I’m trying to find a better introduction but since, I can’t? Hi! I’m Sheher Bano Zafar and I write. I write not because there lies aspiration to be a writer someday but because, it keeps me sane. I love the color silver, black and grey. I also realize that they fall under the same color tone. Whatever, I write is a result of my 3 a.m blues or insomniac depressive tendencies. I can’t write during the day. I’m addicted to caffeine and well, anything and everything (if I like it). Also, I suck at conversations. I bite my nails. Most of the time I’m clueless about the world around me. I love politics and youth activism. People tell me that art and politics don’t belong in the same mind, but I’m passionate about both.

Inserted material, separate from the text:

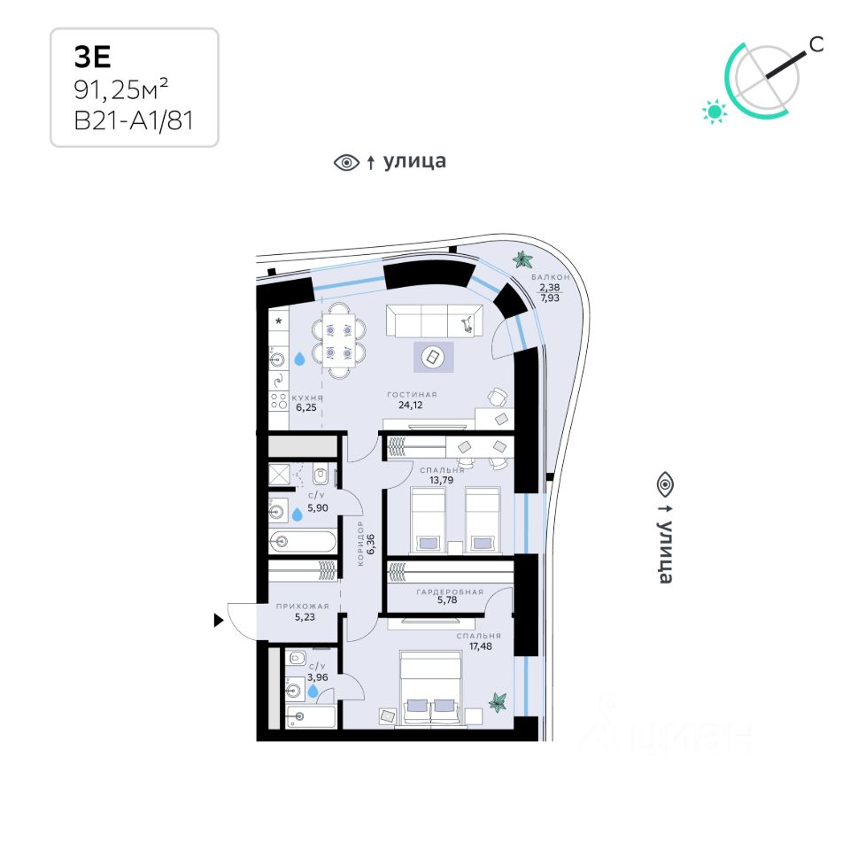 В продаже — двухкомнатная квартира с чистовой отделкой, общей площадью 91,25 кв. м. Квартира расположена на шестом этаже тринадцатиэтажной секции корпуса класса Адвансд в новом районе СберСити, который строит Сбер. Дом находится на второй береговой линии Москвы-реки.

One day I might be drawing on a canvas or writing a story and the very next day I will be heading off to attend a summit on the role of youth at the United Nations. I have multiple people trapped in the same body. Each side does try to express itself, in minimal ways if not fully. I’m currently going through a rough patch in life. I guess, I’m adjusting to the world through multiple perceptions. I absolutely love talking to myself because an expert opinion is always required. Most of the time, I just play scenarios in my mind that would never happen. I’m very contradictory in my thought process and actions but it is okay, people get to be what they want to be as long as no other soul is hurt. Peace out!

2 responses »

  1. Loved this one we are all fighting our demons and some demons are bigger than others and harder to hold down. You have some great lines in this one. I hope this piece of writing is published. I like the line ‘I taste the madness in the air’. Also you had the perfect end to it. I love your writing! Keep up the good work!